Choosing and using medicinal herbs at home for summer scrapes.
Summer is a great season to learn about using herbal remedies. Time spent outdoors in the sun is bound to be accompanied by minor mishaps, but with just a little know-how you can use plants to mend a scraped knee, soothe a sunburned shoulder, or comfort a mosquito-bitten thigh.
Before antiseptics were bottled, people turned to plants to prevent infection. Native Americans made poultices from the bark and leaves of witch hazel (Hamamelis virginiana), a small North American tree that bears golden yellow flowers every autumn.
Extracts from the leaves and bark of witch hazel are still used to take the sting out of minor cuts and insect bites and to stop bleeding. Some scientists attribute these actions to the tannins found in the herb’s leaves and bark. The bottled witch hazel water available in pharmacies and drugstores is made from twigs, dried leaves, and partially dried dormant branches of witch hazel. It generally contains about 20 percent alcohol.
To use, soak a cotton swab in witch hazel water and apply gently to sunburn or scratches. Penelope Ody, author of Home Herbal: A Practical Family Guide to Making Herbal Remedies for Common Ailments (Dorling Kindersley, 1995), suggests making witch hazel ice cubes (label them clearly in the freezer to avoid ingesting witch hazel, which is not recommended). Use an ice cube as a soothing, cooling treatment for insect bites, varicose veins, and bruises.
When you forget to apply sunscreen and linger too long in the back yard, it’s time to slice off a leaf from your Aloe vera plant and use the gel inside. Although it isn’t known exactly how aloe gel works to heal, hundreds of years of use attest to its therapeutic effectiveness. Some researchers believe that aloe gel penetrates injured tissue to relieve pain, reduce inflammation, and promote healing.

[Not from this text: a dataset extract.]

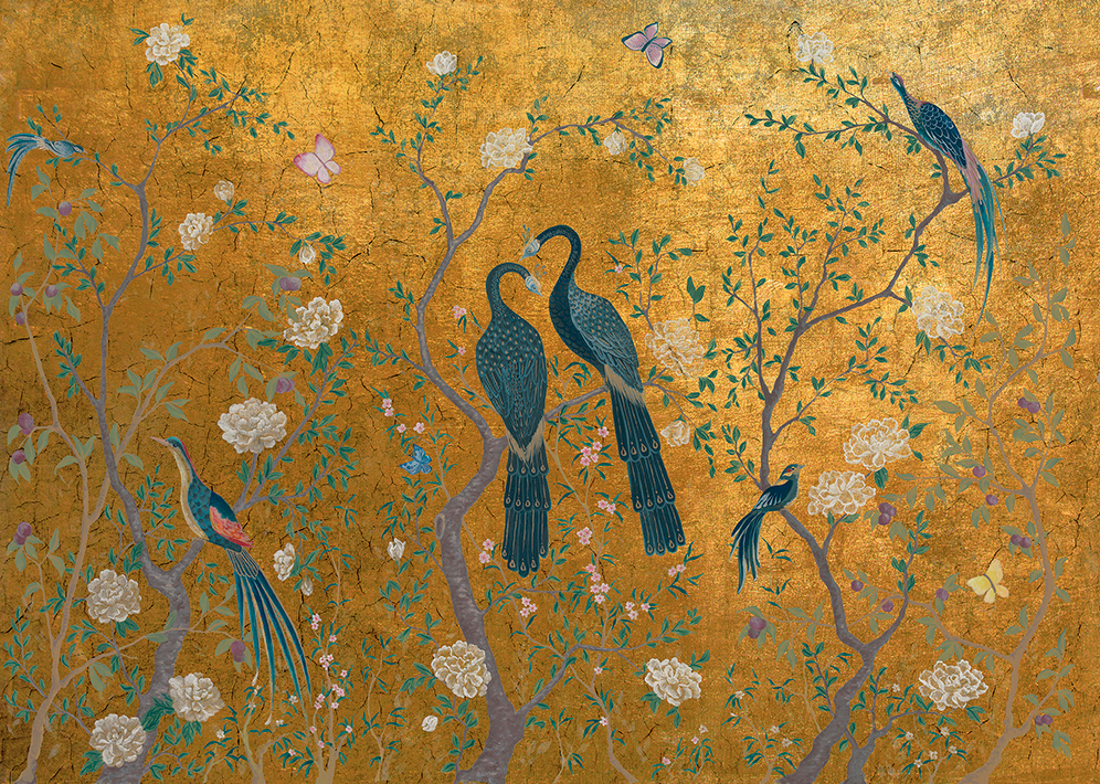Carta parati d'ispirazione orientale che forma un pannello murale con bellissimi rami e fiori su cui poggiano due graziosi volatili. Disponibile la versione in colori metallici. PREZZO AL MQ CONFIGURATE LE MISURE PER AVERE IL COSTO DELLA VOSTRA PARETE

To use, slice a leaf from your aloe (aloe plants are easy to grow on a windowsill), then cut down the center of the leaf and peel back the edges. Using a spoon, scrape the gel from the leaf and apply carefully to injured skin. Additionally, a poultice made with echinacea (Echinacea angustifolia, E. purpurea) can soothe a burn, bite, sting, or scrape. Echinacea is one of the most popular herbal remedies in the United States and is commonly used to fight colds and flu. It also is commonly used as a topical treatment for hard-to-heal wounds and burns in Germany.
You can make your own echinacea wound treatment. To make an echinacea poultice, use 1 to 2 teaspoons of the dried roots, broken into pieces or powdered, or 3 teaspoons of the fresh herb, broken into small pieces, for each cup of water. (Dried echinacea roots are available in natural food stores.) Place in a noncorrodible saucepan. Bring to a boil and gently simmer for 20 to 40 minutes. Strain and let cool to a comfortably warm temperature. Soak a piece of cotton towel in the liquid. Squeeze off any excess water, then apply the poultice to the wound or burn.